Sing, Ye Gods, Of The Wrath Of Achilles — Guest Post by Ianto Watt

Sing, Ye Gods, Of The Wrath Of Achilles — Guest Post by Ianto Watt

Remember the line ‘Sing, ye gods, of the wrath of Achilles’? First line of the Old Testament. I guess it depends on which Bible you are reading. In this case, I am referring to the Old Testament of the Pagan world, known as The Iliad. The Homeric tale of man and the gods. Followed by The Odyssey, the Pagan New Testament, also as told by Homer.

The reason I mention Paganism is because of a recent post on Briggs that included mention of a piece entitled ‘Old and New Paganism‘ by the Bronze Age Pagan (BAP). It occurred to me that people can’t really understand the New Paganism unless they understand the original version. And that means you have to understand The Iliad and The Odyssey.

Only then will you understand the point that BAP is trying to make. BAP is right, at least in the narrow sense, that there are three versions of Paganism alive today. But two of them don’t matter, because like most things in this fluffy PC world today, they are wimpy ersatz knock-offs of the real thing. Forget howling at the moon out in the sylvan wood. Forget meditating on Olympian glory like Julian the Apostate. Let’s look at the real thing, and see what it was really like. And how it has changed. But most importantly, why it still matters.

Much like the ancient Pagan scriptures noted above, the Jewish/Christian tomes were divided into an old and renewed testimony. Each half of this Bible was driven by an underlying theme. In the first half, the Mosaic thread related a message of God’s justice. A justice which mankind could not (read: ‘would not’) uphold. By their own human choice, of course. Free choice, driven by free will.

Then came The Christ (the Anointed One) who offered those who recognized their own personal failure a new choice. It was the choice of substituting His will for theirs. Freely, of course. None of this Mohammedan ‘free will at the point of a sword’ stuff.
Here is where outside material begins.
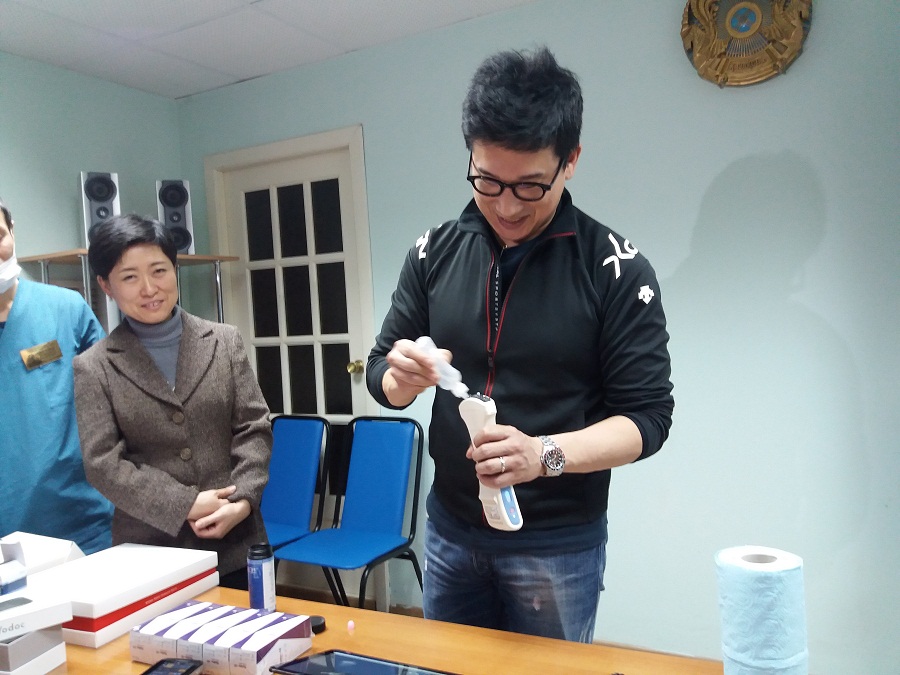 Меморандум о сотрудничестве в сфере здравоохранения с Пусанской группой компаний был подписан еще в ноябре прошлого года президентом РК Нурсултаном Назарбаевым в ходе казахстанско-корейского делового форума в Сеуле. Сегодня в рамках меморандума партнеры из компании «Корея телеком» привезли два аппарата мобильной медицины для актюбинской поликлиники безвозмездно. Информацию о состоянии внутренних органов можно узнать через планшет и датчик размером в смартфон. По словам главного врача актюбинской поликлиники, данное оборудование незаменимо, так как не всегда и не везде можно установить стационарное ультразвуковое оборудование. На помощь приходит переносной УЗИ сканер, который работает автономно.

The key to understanding the Son’s offer was that His will was in total conformance with His Father’s. Thy will be done. For those who would gratefully accept The Son’s perfect will (by denying their own fallen will), The Father’s mercy would be shown. That gift, mercy, is the driving theme of the second half of Jewish/Christian scripture. All of this is known and obvious to those who have half a brain (or even less) and who admit the existence of man’s free yet fallen will. That is to say, the vast minority of mankind.

What was the theme of The Iliad? The opening line says it all. Wrath. Open hostility, resulting in open warfare amongst all men. All of which mirrored the actions of the residents of the Olympian Heavens. In the Christian heavens, Lucifer left, and peace reigned. On Mt. Olympus, God left and wrath remained.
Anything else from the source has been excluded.